Memories are stored as markdown entries with metadata (type, tags, timestamps) and connected via wiki-links for graph traversal.

Memory Lifecycle

    graph LR
    Wake["Wake"] --> Recall["Recall"]
    Recall --> Work["Work"]
    Work --> Remember["Remember"]
    Remember --> Checkpoint["Checkpoint"]
    Checkpoint --> Sleep["Sleep"]
    
    style Wake fill:#3b82f6,color:#fff
    style Recall fill:#8b5cf6,color:#fff
    style Work fill:#f59e0b,color:#000
    style Remember fill:#059669,color:#fff
    style Checkpoint fill:#ec4899,color:#fff
    style Sleep fill:#6366f1,color:#fff
  
  1. Wake — when an agent session starts, ClawVault loads relevant memories into context
  2. Recall — during execution, agents search memories semantically before making decisions
  3. Remember — agents save important findings, decisions, and lessons
  4. Checkpoint — during long sessions, memories are periodically saved
  5. Sleep — on session end, a summary is saved with next steps

Memory Tools

recall — Search Memories

recall("search query", { limit: 5, profile: "default" })

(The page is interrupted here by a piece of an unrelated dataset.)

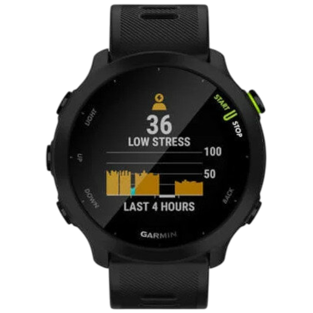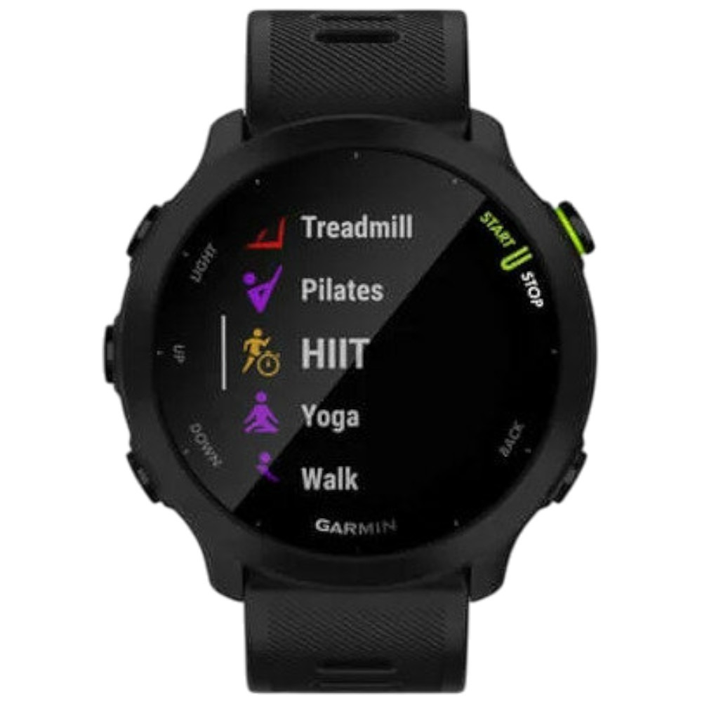 Garmin Forerunner 55 pełni rolę Twojego osobistego trenera – pomaga określić cele, motywuje do regularnej aktywności i dostarcza szczegółowych informacji o postępach. Wbudowany GPS umożliwia dokładne śledzenie dystansu, tempa, interwałów oraz zapis przebytych tras. Zegarek rejestruje również liczbę kroków, minuty intensywnej aktywności oraz inne istotne parametry zdrowotne, byś zawsze wiedział, jak wygląda Twoja forma.

Profiles optimize retrieval for different contexts:

ProfileUse Case
defaultGeneral purpose retrieval
planningTask planning and project context
incidentErrors, bugs, and lessons learned
handoffSession continuity information

remember — Save to Vault

remember(type, "Title", "Content with details", {
  shared: true,     // Share with all agents
  tags: ["tag1"]    // For search filtering
})

Memory types:

TypeWhen to Use
lessonLearned from a mistake or success
decisionImportant choice with rationale
patternRecurring approach that works
factImportant information about the project/team
preferenceHow someone or something prefers to work
handoffContext for resuming work later
commitmentPromises made with deadlines (used by Grace)
relationshipPeople, connections, affiliations (used by Grace)

Wiki-Link Knowledge Graph

Memories are connected using [[wiki-link]] syntax, creating a traversable knowledge graph:

remember("decision", "MyApp: Tech Stack",
  "[[Project: MyApp]] will use FastAPI + PostgreSQL. " +
  "Considered Django (rejected: too opinionated) and Express (rejected: need Python). " +
  "See also [[MyApp: Architecture]], [[MyApp: API Design]].",
  { shared: true, tags: ["project:myapp", "architecture"] }
)

These links create a web of connected knowledge. When an agent recalls context about a project, they start from [[Project: Name]] and follow links to discover related information — tech stack decisions, architectural patterns, past bugs, team preferences, and more.

The Anchor Pattern

Every project should have a root anchor memory that links to all related knowledge:

remember("fact", "Project: MyApp",
  "Root anchor for project MyApp.\n" +
  "Goal: [[MyApp: Goal]]\n" +
  "Tech: [[MyApp: Tech Stack]]\n" +
  "Scope: [[MyApp: V1 Scope]]",
  { shared: true, tags: ["project:myapp", "project-anchor"] }
)

Subsequent memories link back to the anchor, keeping the graph connected and navigable.

Adaptive Memory Scoring

Not all memories are equally useful. DjinnBot’s adaptive scoring system learns which memories actually help agents accomplish tasks, and uses that signal to re-rank future recall() results. Scoring is driven entirely by agent valuations — explicit “useful / not useful” judgments from the rate_memories tool — not by step success or failure.

How It Works

Four database tables work together:

TablePurpose
memory_retrieval_logRaw append-only events. One row per memory surfaced during a recall() or wake() call. Used for analytics and access counting.
memory_valuationsAgent-authored usefulness ratings. The primary scoring signal. Created when an agent calls rate_memories after consuming recalled memories.
memory_gapsKnowledge the agent needed but couldn’t find. Aggregated in the dashboard to surface systemic knowledge holes.
memory_scoresMaterialized aggregates per (agent_id, memory_id). Updated atomically on retrieval and valuation events. Queried at recall time.

The Scoring Formula

The adaptive score for each memory is a weighted blend of three components:

adaptive_score = usefulness * w_usefulness + recency * w_recency + frequency * w_frequency

Usefulness (default weight: 0.60) — the dominant signal:

  • Computed as useful_count / valuation_count from agent ratings
  • Memories with fewer than min_valuations_for_signal (default: 3) ratings use a neutral score of 0.5 — a single “not useful” can’t tank a memory
  • Rehabilitation decay: old negative scores fade toward neutral (0.5) over rehabilitation_half_life_days (default: 90 days), preventing permanent punishment

Recency (default weight: 0.25):

  • Exponential decay from last_accessed with a configurable half-life (default: 30 days)
  • Floored at 0.30 — even a memory untouched for years retains some recency signal

Frequency (default weight: 0.15):

  • log(access_count + 1) normalized against a cap (default: 50 retrievals = max signal)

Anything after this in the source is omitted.